TB-HIV trials triumph

by VIVIAN ATTWOOD

A Durban-based treatment study at the Centre for the Aids Programme of Research in South Africa (Caprisa) has proved convincingly that mortality among co-infected TB-HIV patients can be reduced by at least 55% if antiretroviral therapy (ART) is provided in conjunction with TB treatment.

The breakthrough, which could significantly prolong the lives of an incalculable number of co-infected patients in future, was announced by Prof Salim Abdool Karim, director of Caprisa, at a media symposium yesterday.

Stressing that "the real heroes are not the researchers, but those who volunteered for the study, and adhered to its requirements", Karim said that while it was standard policy not to unveil medical discoveries until research had been published in reputable journals, the significance of the breakthrough merited an immediate announcement of the study's findings.

"We are in the unique situation of having a very large number of people infected with both HIV and TB," Karim said.

"One of the studies we were conducting, called START, was forced to stop, rather prematurely. It proved an unfortunate choice of name, but it did pose a key question, namely: what is the relationship between TB drugs and antiretrovirals?

Randomly

"This launched an open-ended, randomised trial known as the Sapit (Starting Antiretrovirals at Three Points in Tuberculosis) trial.
"TB-HIV co-infected patients assigned randomly to receive ART together with their TB treatment (integrated treatment arm) were compared with patients assigned to receive ART once they completed TB treatment (sequential treatment arm)."

The trial was conducted at the Caprisa eThekwini TB-HIV Clinic attached to the Prince Cyril Zulu TB Clinic.

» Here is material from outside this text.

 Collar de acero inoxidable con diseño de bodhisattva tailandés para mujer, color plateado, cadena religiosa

Headed by Karim, the study commenced in June 2005 and enrolment was completed in July this year.

"Until this point, doctors have tended to tailor the onset of ART and TB treatment to suit individual patients," Karim explained. "We needed solid evidence to justify the way in which co-infected HIV-TB patients were medicated."

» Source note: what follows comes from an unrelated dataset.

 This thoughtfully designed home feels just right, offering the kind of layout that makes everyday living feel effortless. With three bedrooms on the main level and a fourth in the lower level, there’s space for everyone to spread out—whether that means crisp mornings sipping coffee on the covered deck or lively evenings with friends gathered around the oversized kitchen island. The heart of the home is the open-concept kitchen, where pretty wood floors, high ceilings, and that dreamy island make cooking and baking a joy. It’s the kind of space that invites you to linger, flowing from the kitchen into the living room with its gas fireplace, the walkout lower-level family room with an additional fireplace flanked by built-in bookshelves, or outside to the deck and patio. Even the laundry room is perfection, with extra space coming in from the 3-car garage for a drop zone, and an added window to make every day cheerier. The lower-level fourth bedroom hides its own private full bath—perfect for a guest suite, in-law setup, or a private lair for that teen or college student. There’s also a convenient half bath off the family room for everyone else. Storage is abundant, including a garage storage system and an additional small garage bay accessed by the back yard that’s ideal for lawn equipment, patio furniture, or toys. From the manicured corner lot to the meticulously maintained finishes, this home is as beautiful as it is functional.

The trial involved 645 co-infected patients. Of these, 431 were enrolled in the integrated treatment arm and 214 in the sequential treatment arm.

Twenty-six patients in the sequential treatment arm died (a mortality rate of 11.6 per 100 person years), as opposed to 24 patients who died in the integrated treatment arm (a mortality rate of 5.1 per 100 person years).

As a result, an independent Safety Monitoring Committee affiliated to the study recommended this month that the sequential arm of the trial be stopped and ART be started in that group at once.

It further recommended that the two sub-groups in the integrated treatment arm (early TB-HIV treatment, and post-intensive phase TB-HIV treatment) continue.

Reasons

Karim said the team had initially been posed with some convincing reasons not to initiate ART during TB treatment.

Chief among these were:

* Drug interactions between the chief TB drug, Rifampicin, and many ARVs.

In conjunction, it was found, Rifampicin produces enzymes which metabolise ARVs, meaning that optimum levels of the TB drug are not achieved.

* Some patients found the burden of taking 4 TB drugs a day, in conjunction with 3 ARVs, intolerable, with symptoms of severe nausea and vomiting as the drugs were metabolised in the liver.

* There was an increased likelihood of immune reconstruction syndrome, or IROS, whereby TB medication, or ART, produced an improvement in the immune system, followed by a paradoxical worsening in the patient's condition.

Criteria for including patients in the study were: they had to be sputum positive for TB and on a standard anti-TB therapy programme; they had to be HIV-positive; they had to have a CD4 count lower than 500; and women had to agree to use contraception during the trial.

Summarising the Sapit trial findings, Karim said: "There is compelling evidence for changing clinical practice countrywide, and integrating TB and HIV care."

Karim said of the programme that if 150 000 more TB patients were given ART each year, 10 000 deaths could be averted annually.

It is estimated that 70% of all South Africans with TB are infected with HIV.